Part A: HTTP is replaced by JMS (that one is okay)
Part B: XML is replaced by something more lightweight (alright, MessagePack comes in handy here)
Part C: Mechanism to parse request/reply string to identify operation name and parameter values (that one is the real problem here)
I was looking into MessagePack, ProtocolBuffers, Thrift and so forth, but what I don't like about them is that they introduce their own way of handling the actual (TCP) communication. And bypass my already sophisticated JMS infrastructure (which also handles load balancing and stuff).
To further elaborate Part C above, this is how I am currently handling it: Right know I would do something like the following if a consumer would call a service, let's assume the service takes a text and replies keywords. I would have the consumer create a JMS message and transmit it (via ActiveMQ) to the service. The message would contain:
Syntax: OPERATION_NAME [PARAMETERS]
Method: GET_ALL_KEYWORDS [String text] returns [JSON String[] keywords]
Example Request: GET_ALL_KEYWORDS "Hello world, this is my input text..."
Example Reply: ["hello", "world", "text"]

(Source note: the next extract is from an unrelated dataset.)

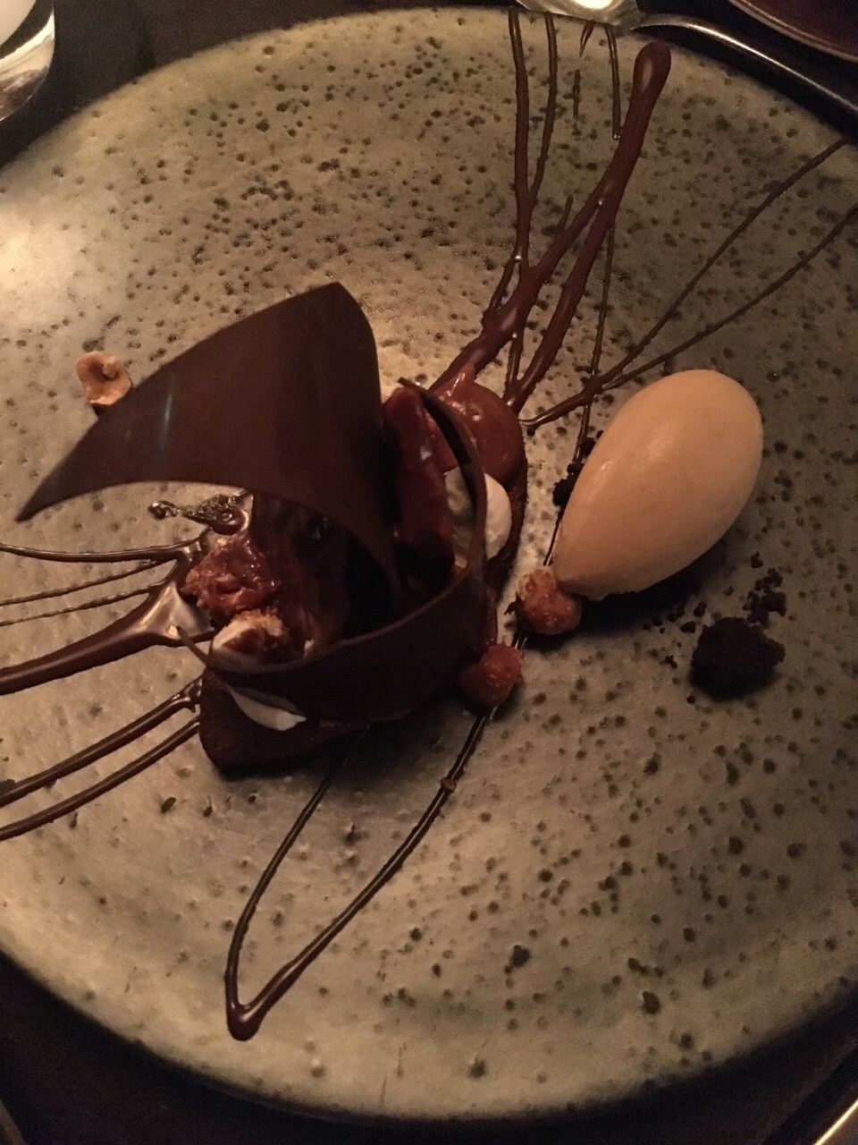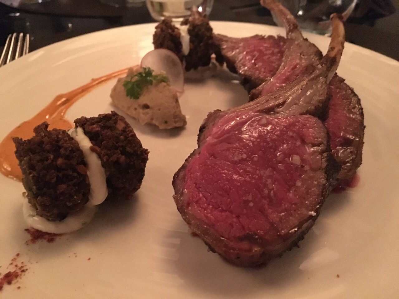 不愧为米其林二星餐厅,前菜点了半打生蚝,新鲜美味,主菜要了半熟的羊排,没有任何担心的羊骚味,口感很嫩,顿时感觉很温暖。相比于主菜而言,更加令人惊艳的是甜品,热情果汁的舒芙蕾,刚刚出炉的芳香加上酸酸甜甜,味蕾各种起伏变化,好!此外,服务也是可圈可点的一流水平,贴心而又周到,细致又殷勤。最后,这家位于比利佛山的餐厅还是各路明星的最爱哦。关于主厨的部分可以度娘。

Needless to say that it feels like hacked-together. The problem I see is if I would be to change the method interface by adding or deleting parameters, I would have to check all the request/reply string construction/deconstructions to syncronize the changes. That is pretty errorprone. I'd rather have the library construct the right request/reply syntax by looking at a java interface and throwing real exceptions on runtime if I do mess up stuff, like "Protocol Exception: Mandatory parameter not set" or something...
Any projects/libs known for that?
Requirements would be
It's small and lightweight and fast.
It's implemented in JAVA
It doesn't serve too many purposes (like some fullblown framework e.g. Spring)
I think this Spring package is what you're looking for. See JmsInvokerProxyFactoryBean and related classes.
From the javadoc:
FactoryBean for JMS invoker proxies. Exposes the proxied service for
use as a bean reference, using the specified service interface.
Serializes remote invocation objects and deserializes remote
invocation result objects. Uses Java serialization just like RMI, but
with the JMS provider as communication infrastructure.